Read more about the study.
Signs of Dyslexia
Usually schools will wait until a child is a year or two behind in reading before they will test for any type of learning disability. This will allow them to rule out maturity issues (such as letter reversals) and give them time to have a clear idea and understanding of the problem. Parents often feel that waiting this long is detrimental to the child and should be avoided. Parents can take the necessary steps themselves to identify dyslexia and begin reading remediation, whether they hire a tutor or do it themselves. Below are the signs to look for.
Early Years, 4-5
- Language issues: Children who have dyslexia often learn to talk later than other children and often have issues with language which would require a speech therapist. The issues are not due to physical aspects such as poor muscle development, but rather due to poor phoneme awareness, where putting simple sounds together, such as the 'sm' in "smile", are difficult.
- Trouble rhyming words: Due to poor phoneme awareness, dyslexic children often have trouble rhyming words and identifying similar sounds.
- Issues with memory: Some dyslexic children have a very poor working memory when it involves verbal information, however, if the information is visual, then the child excels.

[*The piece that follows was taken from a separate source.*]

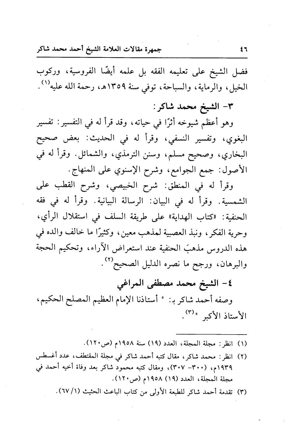(¬2) انظر: محمد شاكر، مقال كتبه أحمد شاكر في مجلة المقتطف، عدد أغسطس 1939 م، (300 - 307)، ومقال كتبه محمود شاكر بعد وفاة أخيه أحمد في مجلة المجلة، العدد (19) 1958 م (ص 120).

They may, for example, have trouble memorizing the days of the week, words to songs, or following (verbal) instructions and yet have amazing skills with puzzles.
Middle Years, 6-10
- Letter reversals: Letter reversals are very common in children up to age 8, which is why it isn't usually used to identify dyslexia in young children. Typically, dyslexic people will reverse letters/numbers such as: 'b' and 'd', 'p' and 'q' and '6' and '9'. Sometimes the child will write a capital letter, instead of lowercase, when they are unsure, such as "numBer". If your child is over the age of 8, is behind in reading and reverses letters and/or numbers, it is very possible that your child has dyslexia. Click here to read more about reversals and dyslexia.
- When reading, a dyslexic child may skip or change words, even the small simple (high frequency) words.

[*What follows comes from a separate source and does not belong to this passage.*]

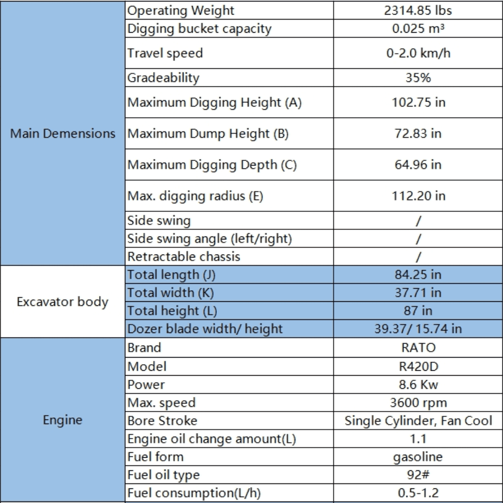 Max Digging Radius: 112.2 inches

- When reading, they may substitute words that have the same or similar meanings, i.e. they may see the word "hut", but may say "house".
- When reading, they often guess at a word, often using the first few letters as their "clue", i.e. if they see "caption", they may say "captain" (the sounds are not followed through to the entire word).
- When reading, they may mix up letters within words, such as "form" to "from".
- When writing, they may omit prefixes or suffixes.
- In the classroom, they may have trouble copying from the board or taking notes.
- They may not write sounds from left to right; for example the word "to" may be written as "ot".
- hey may have trouble memorizing facts. Visual cues, stored in the right side of the brain, often help memorization.
- They may have trouble learning to tell time on an analog clock.
- Sometimes they may be ambidextrous, or use one hand for writing, while using the other for a different task.
Later Years, 10 to Adult
- An older dyslexic person, who has not yet been taught to read using a system specifically for dyslexia, often has poor writing skills. Writing may be simplistic and handwriting is often messy with many spelling errors and poorly constructed sentences.
- Older students will often take poor classroom notes.
- When speaking, they may be unable to easily find a word when formulating sentences, sometimes resulting in jumbled words.
- Older dyslexic people usually avoid reading out loud, and when reading they often read in a monotone voice with no inflection.
- Dyslexic people often have difficulty learning a foreign language.